PROBLEM TO SOLVE:
Output word for word the lines from the one with "基于调研结果,志愿者精心设计" to the final line of the data, both ends included, but skip the pictures.

EXTRACTED ENTRIES:
────

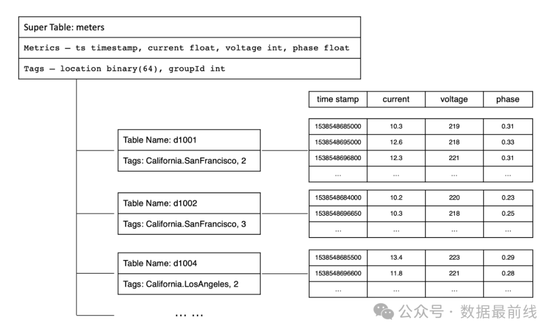 TDengine采用一个数据采集点一张表的策略,对每个数据采集点单独建表(比如有一千万个智能电表,就需创建一千万张表),用来存储这个数据采集点所采集的时序数据。同时为了解决采集表数量过多带来的管理问题,TDengine为某一特定类型的数据采集点创建集合,称为超级表。超级表除需要定义采集量的表结构之外,还需要定义其标签的 Schema。
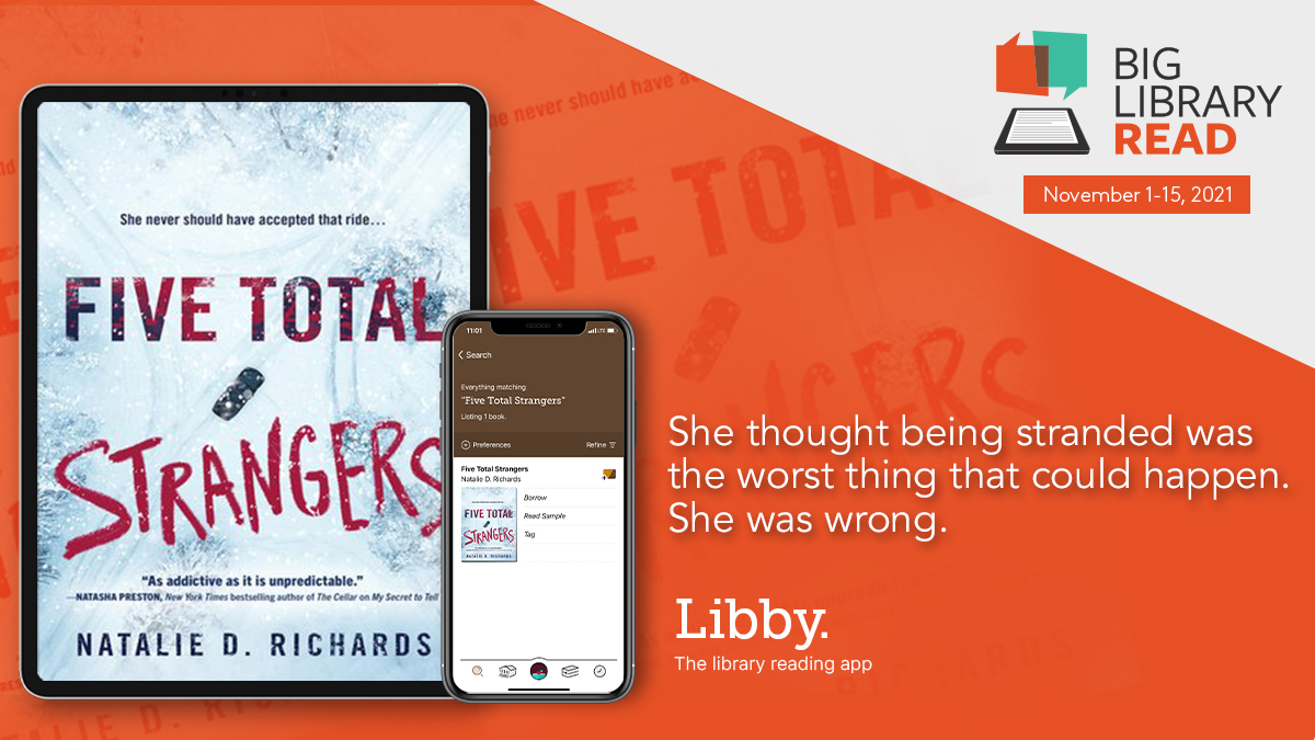 Region/Koblenz – Englischsprachiger New York Times-Bestseller “Five Total Strangers” zur kostenlosen digitalen Ausleihe über “OverDrive Rheinland-Pfalz”. Höllenfahrt ins Ungewisse. Gestrandet im Schneesturm mit vier völlig Fremden, die alle etwas zu verbergen haben: Wie endet der Horrortrip für Romanheldin Mira? Viel Spannung erwartet die Leserinnen und Leser im New York Times-Bestseller von Natalie D. Richards: Der englisch-sprachige Thriller wird im Rahmen des „Big Library Read“, dem weltweit größten Buchclub, jetzt kostenlos über „OverDrive Rheinland-Pfalz“ bei den rund 50 teilnehmenden Bibliotheken unter https://rlp.overdrive.com oder über die App „Libby“ vom 1. bis 15. November digital zur Ausleihe als eBook und Hörbuch angeboten.
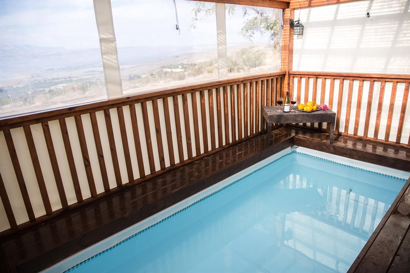 בתוספת לנוף המדהים, לשקט הכפרי ולמיקום המושלם, לכל בקתה חצר פרטית ואינטימית הכוללת בריכה (מחוממת בעונת החורף), רצפת דק יוקרתי, מיטות שיזוף ופינות ישיבה ועמדת ברביקיו.
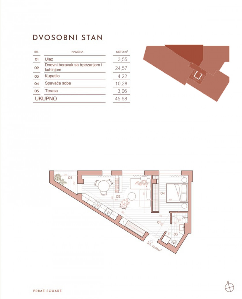 U okviru Prime Square objekta u ponudi su dvosobani stanovi od 45,68m2 po ceni od 250.738€(4.990€/m2+pdv) na I II III i IV spratu
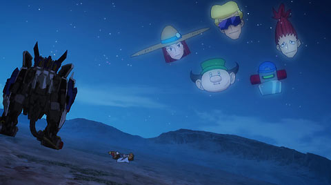 Drake ("Insta-Kill" Drake their boss) shows up with his Zoid, the rare Deinonychus-type, Gilraptor. The Liger saves Arashi when Drake sends Gilraptor to capture the boy. Arashi is so clueless and impressed with Drake's strength. At first he wants Drake to join Team Stretchy, but then he realizes that Drake is even cruel to his own Death Metal crew and their Zoids.
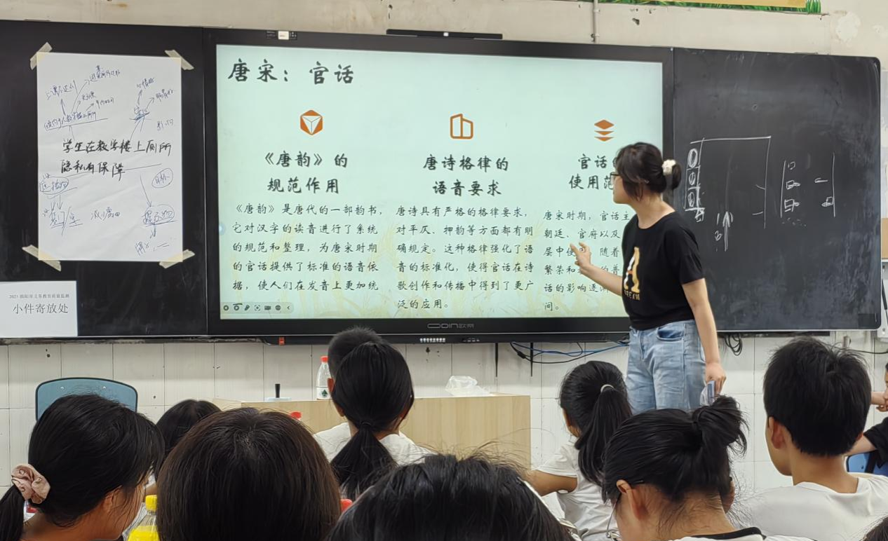 基于调研结果,志愿者精心设计了推普课程。课堂上,志愿者结合党的二十届三中全会精神,阐释文化传承从保护到创新的升级路径,并强调当代中学生肩负着用普通话讲好中国故事的使命。
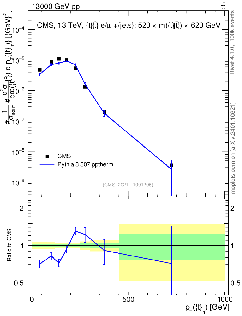 Lines: data, pythia8 8.307 pptherm |
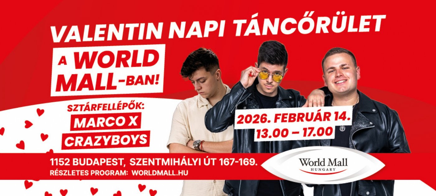 alentin Napi Táncőrület a World Mall-ban – CRAZYBOYS és Marco X élő fellépésével

────

SOLUTION TO THE PROBLEM:
 基于调研结果,志愿者精心设计了推普课程。课堂上,志愿者结合党的二十届三中全会精神,阐释文化传承从保护到创新的升级路径,并强调当代中学生肩负着用普通话讲好中国故事的使命。
 Lines: data, pythia8 8.307 pptherm |
 alentin Napi Táncőrület a World Mall-ban – CRAZYBOYS és Marco X élő fellépésével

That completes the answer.